エラセストラントは治験薬で、いかなる規制当局からも承認されていない。販売承認申請(MAA)は2022年7月、欧州医薬品庁(EMA)にも出されている。エラセストラントの臨床試験に関する詳細情報は、www.clinicaltrials.gov で入手可能。
Menarini Groupは2020年7月、EMERALD試験を実施、成功させたRadius Health, Inc(NASDAQ:RDUS)からエラセストラントのグローバルライセンス権を取得した。良好な第3相データに基づき、Radiusの支援を受けたStemlineが2022年6月、FDAに新薬承認申請(NDA)を行った。Menarini Groupは現在、エラセストラントの全世界での登録、商品化、さらなる開発活動を全面的に担っている。FDAの承認が得られれば、ニューヨーク市に本社を置くStemlineがエラセストラントを商品化する。Stemlineは、がん患者への革新的腫瘍治療法提供に注力しており、現在、米国と欧州の両方で芽球性形質細胞様樹状細胞腫瘍患者向けの新規標的治療薬を商品化している。

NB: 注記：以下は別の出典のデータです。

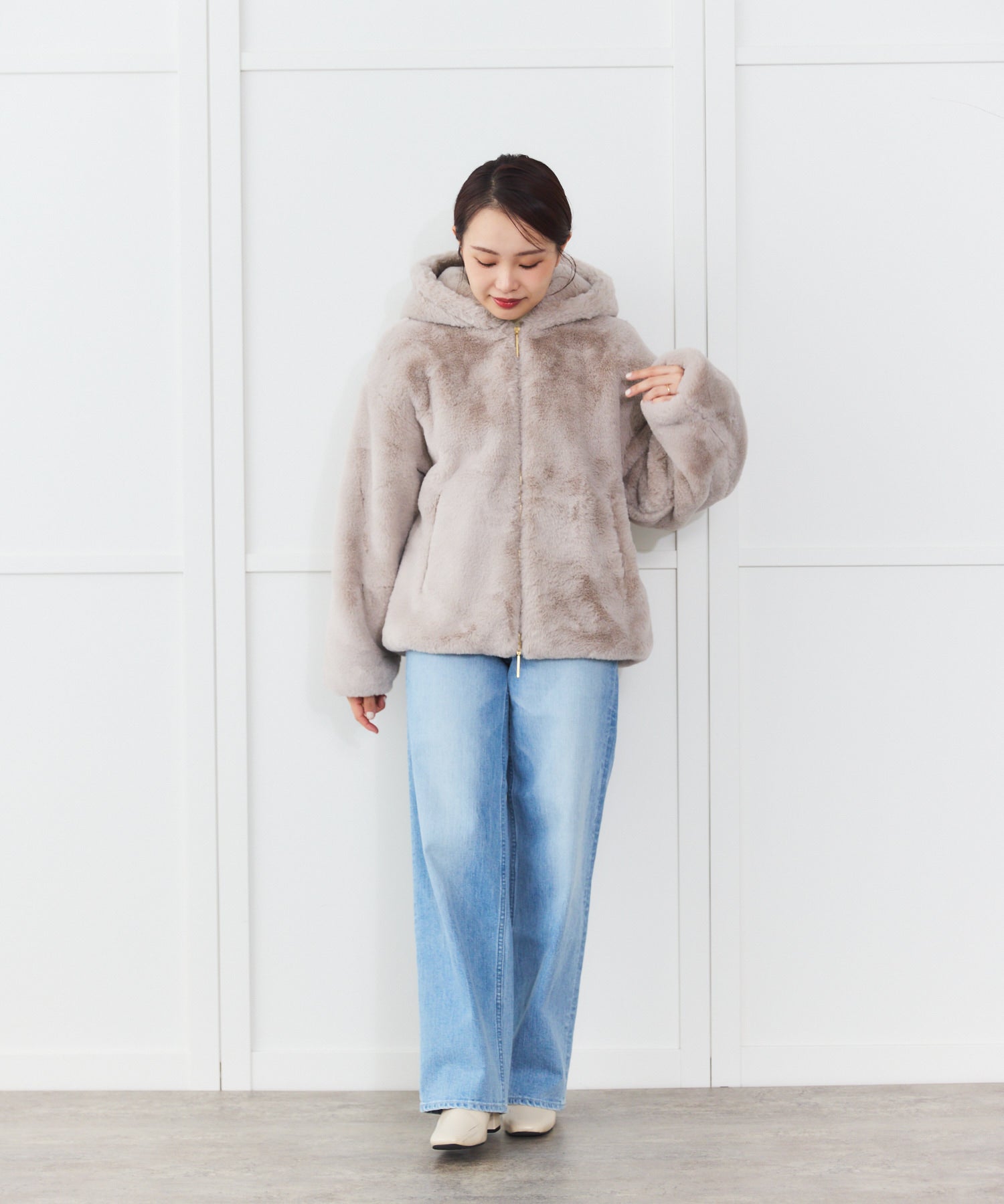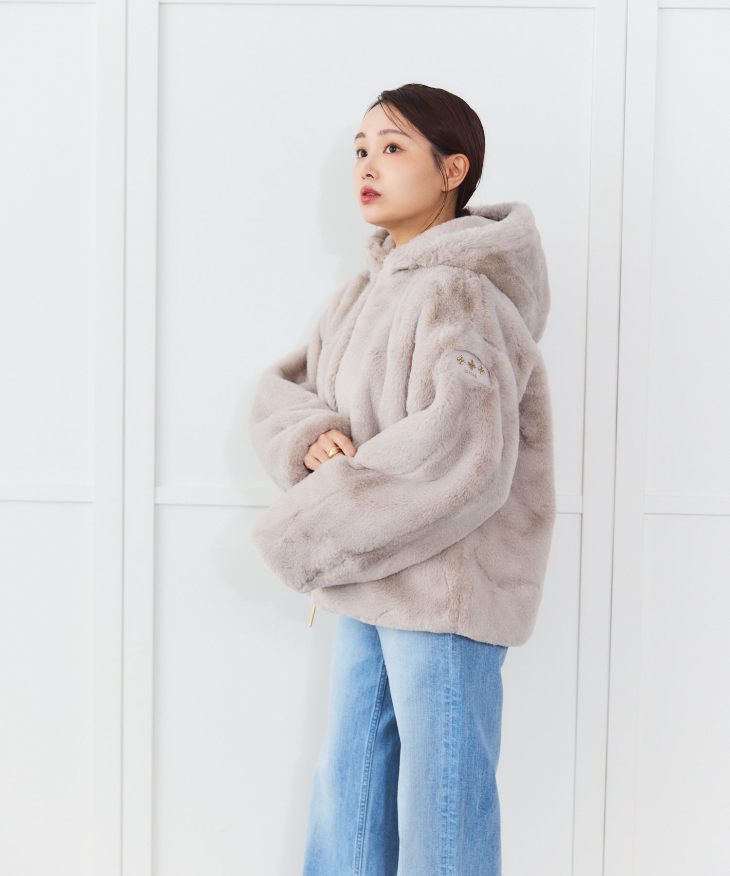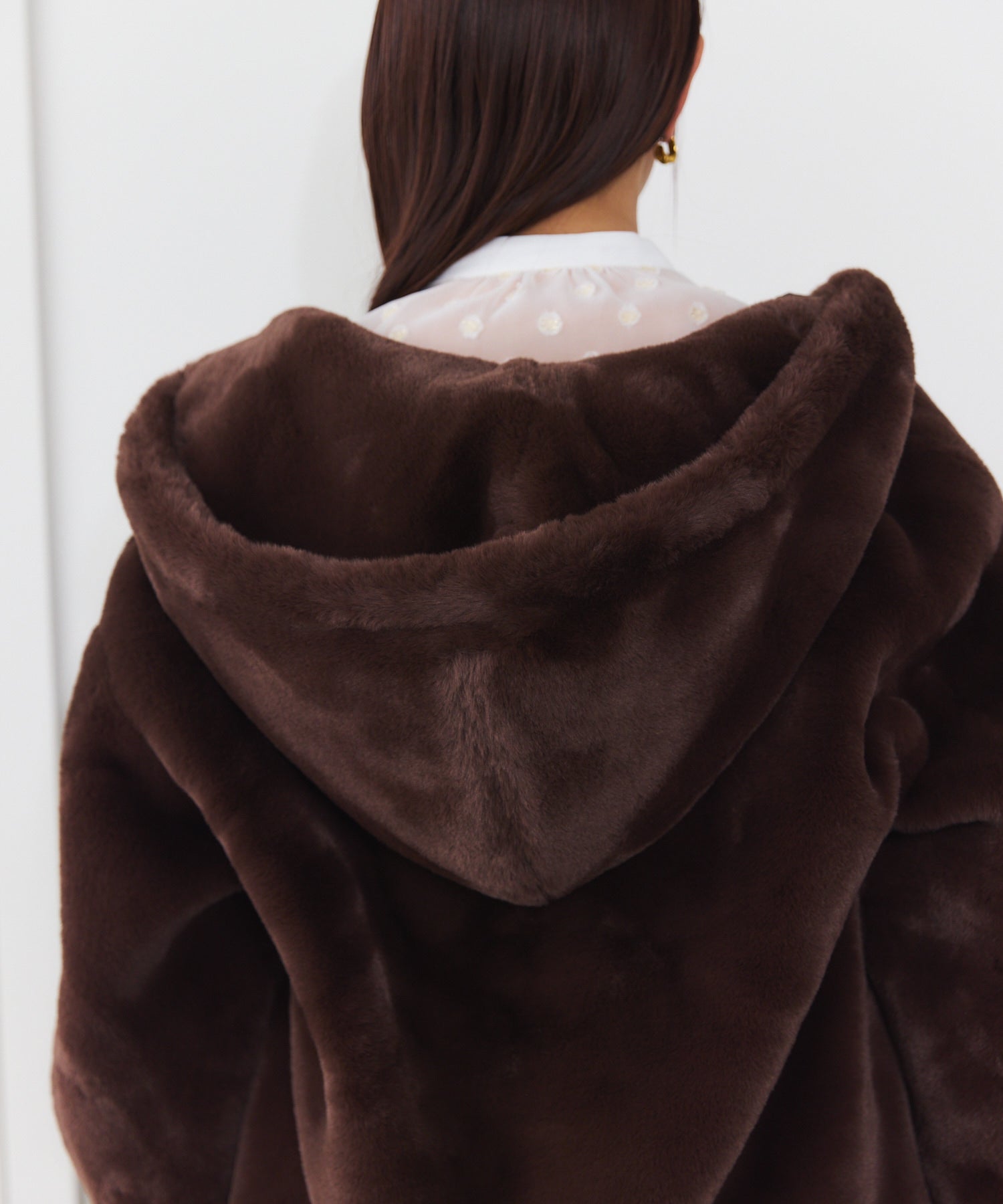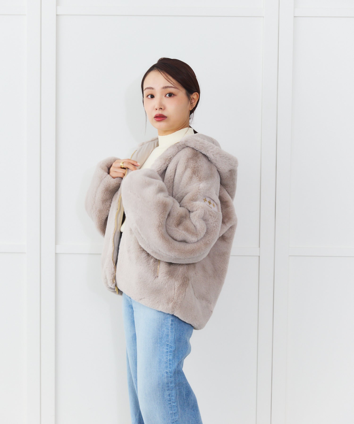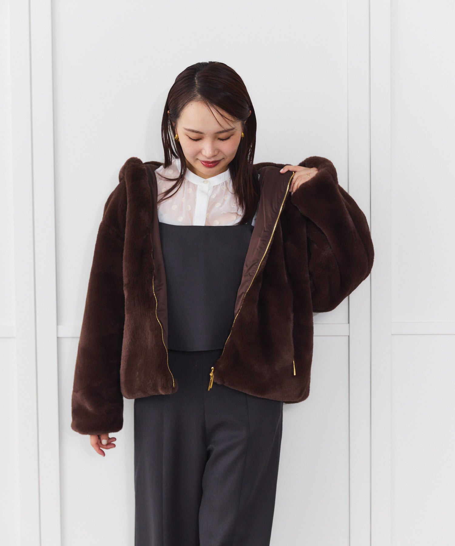 上品なツヤ感のある毛足の長いファーとボリュームのあるシルエットが大人コーデにぴったりのアイテム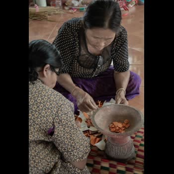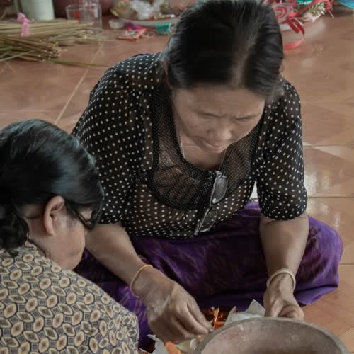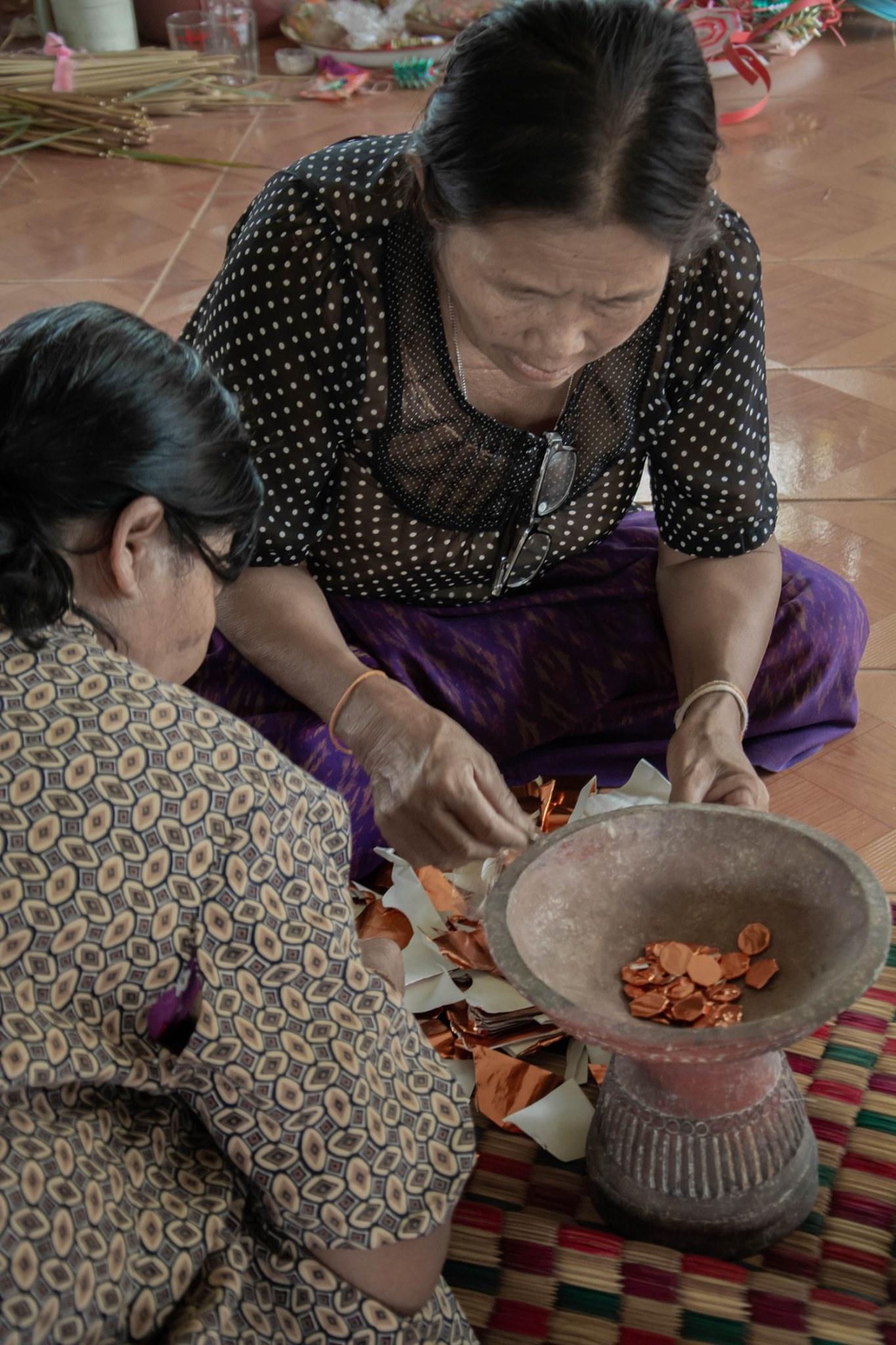 | คำอธิบาย : การห่อเหรียญโปรยทานในพิธีวางศิลาฤกษ์ หรือ พิธีวางหลักศิลาเลข (ภาษาพื้นถิ่น) สิมวัดวังไฮ จัดขึ้นเมื่อวันที่ 13 เมษายน 2562 คือพิธีที่ถือเป็นฤกษ์งามยามดีในการเริ่มต้นในการก่อสร้างสิม ซึ่งงานพิธีในครั้งนี้จัดพิธีในรูปแบบพื้นบ้านชาวบ้านวังไฮ อันประกอบไปด้วยการจัดเตรียมเครื่องบวงสรวงสักการะตลอดจนจัดเตรียมสถานที่ ที่สะท้อนถึงภูมิปัญญาในด้านต่างๆ อาทิเช่น ภูมิปัญญาในด้านการทำเครื่องสักการะ ภูมิปัญญาการจักสาน ภูมิปัญญาการถักทอ ภูมิปัญญาในการปั้นปูน ภูมิปัญญาในการทำขนม และการใช้สอยทรัพยากรในท้องถิ่นอื่นๆ อีกมากมาย อันสอดคล้องกับวิถีชีวิตความเป็นอยู่ของผู้คนในชนบทอีสาน |

▽エラセストラント(RAD1901)と第3相試験EMERALDについて
エラセストラント(Elacestrant)は、治験段階にある選択的エストロゲン受容体分解薬(SERD)で、ER陽性/HER2陰性の進行性または転移性の乳がん患者に1日1回投与する経口治療薬として使用できるかどうかの評価が行われている。エラセストラントは2018年、FDAからファストトラック指定を受けた。EMERALDに先立ち完了した前臨床試験で、本化合物は、単剤または他の治療法との併用で乳がん治療に使用できる可能性があることが示されている。第3相試験EMERALDは、ER陽性/HER2陰性の進行性・転移性乳がん患者の2次治療または3次治療の単剤療法としてエラセストラントを評価する、無作為化・非盲検・実薬対照試験である。本試験には、CDK4/6阻害剤を含む内分泌療法での1次または2次治療歴のある患者477人が登録された。本試験の患者は、エラセストラントを投与する群と、治験責任医師が選択した承認済みホルモン剤を投与する群に無作為に振り分けられた。本試験の主要評価項目は、全患者集団およびエストロゲン受容体1遺伝子(ESR1)に変異のある患者群における無増悪生存(PFS)だった。副次評価項目は、全生存期間(OS)、客観的奏効率(ORR)、奏効期間(DOR)の評価だった。
▽Menarini Groupについて
Menarini Groupは、売上高40億ドル超、従業員数は1万7000人を超える国際的な大手医薬品・診断薬企業である。Menariniは、満たされていないニーズの高い治療分野に重点を置き、心臓疾患、腫瘍、呼吸器疾患、消化器疾患、感染症、糖尿病、炎症、鎮痛用の製品を提供している。18の生産拠点と9の研究開発センターを有するMenariniの製品は、世界140カ国で販売されている。詳細については、www.menarini.com を参照。
▽Radiusについて
Radiusは、骨の健康、神経系希少疾患、腫瘍分野の満たされていない医療ニーズへの対応に注力しているグローバルなバイオ医薬品企業である。Radiusの主力製品TYMLOS(R)(アバロパラチド)注射薬は、骨折リスクの高い閉経後の骨粗しょう症女性の治療薬として米食品医薬品局(FDA)の承認を受けている。Radiusの臨床パイプラインには、骨粗しょう症男性の治療に使用できる可能性のある治験薬のアバロパラチド注射薬、Menarini Groupにライセンス供与した、ホルモン受容体陽性乳がん治療薬として使用できる可能性のある治験薬エラセストラント(RAD1901)、当初はプラダーウイリー症候群、アンジェルマン症候群、小児けいれんを対象とし、複数の神経内分泌疾患、神経発達疾患、神経精神疾患領域で使用できる可能性のある治験薬の合成カンナビジオール内服液RAD011などがある。